Can you give us more info on the use?


----------



## Murilo (Apr 1, 2008)

Mash said:


> Can you give us more info on the use?




Sure, 

Im making a little led blade, in this form:
http://img521.imageshack.us/img521/91/dsc09431bw6.jpg

But i dont know which is the best way to drive then, maybe someone have a better idea then my (using lm3404hv)

the heatsink
http://img527.imageshack.us/img527/4931/heatsinkyq8.th.jpg

the blade with glue on heatsink
http://img262.imageshack.us/my.php?image=bladefullcb5.jpg

not necessary this wiring...
http://img527.imageshack.us/my.php?image=halfwiredbladerk7.jpg


can someone help me please? :$


----------



## Shaocaholica (Apr 3, 2008)

Are they all in series? Won't that be like 300V+ input? Thats pretty high.


----------



## dat2zip (Apr 3, 2008)

Murilo said:


> Hi all
> My name is Murilo, im from Brazil and im trying to turn on at same time 92 Cree P4 leds.
> 
> Im was thinking about using 5 or 6 Lm3404HV but i dont know if its the best option, can someone give me some tips? ^^
> ...



What is the supply range? You mention 73V. If that is a battery what is the full charge state and what is the fully discharged state voltage?

You might be better off with a linear regulator for some of the strings and the odd remainder a LM3404HV for the balance.
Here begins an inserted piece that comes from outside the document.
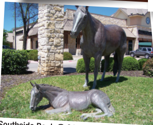
Southside Bank @ 318 S. Main

Another possibility if Vin doesn't vary too much is just a plain resistor.

Wayne


----------



## Murilo (Apr 3, 2008)

Shaocaholica said:


> Are they all in series? Won't that be like 300V+ input? Thats pretty high.



Not, on 5*lm3404hv im thinking in 3 lines with 18 leds in series and 2 lines with 19 leds in series, i will use exactly 92 leds, so maybe i need a 74v @6A suplly. 


Or can use 6*lm3404hv with 4 lines with 15 leds in series and 2 lines with 16 leds in series, in this configuration i need a ~65v @6/7A supply.


I was thinking in use computer power suplly with mod for higher output, i think i easy get about 20v 8A(i have 5 ps in my hands ), but the problem is the current of it.... i dont know how i can control it.. 

A friend in China found the lm3404hv for ~8 USD, and just for tell i buy a 300w AT power suplly for less then 8 USD, so idk what i can use 











Someone can help me? has some better idea?

Tks
Murilo


----------



## Mel_PL (Apr 3, 2008)

Murilo said:


> Hi all
> 
> Someone have a better way to do this array?
> 
> ...




Put off 2 LEDs, you got 90 pieces then.
Make 30 x 3 in series (each "three" with a resistor) fed from appropriate SLA. It will eat about 30 amps .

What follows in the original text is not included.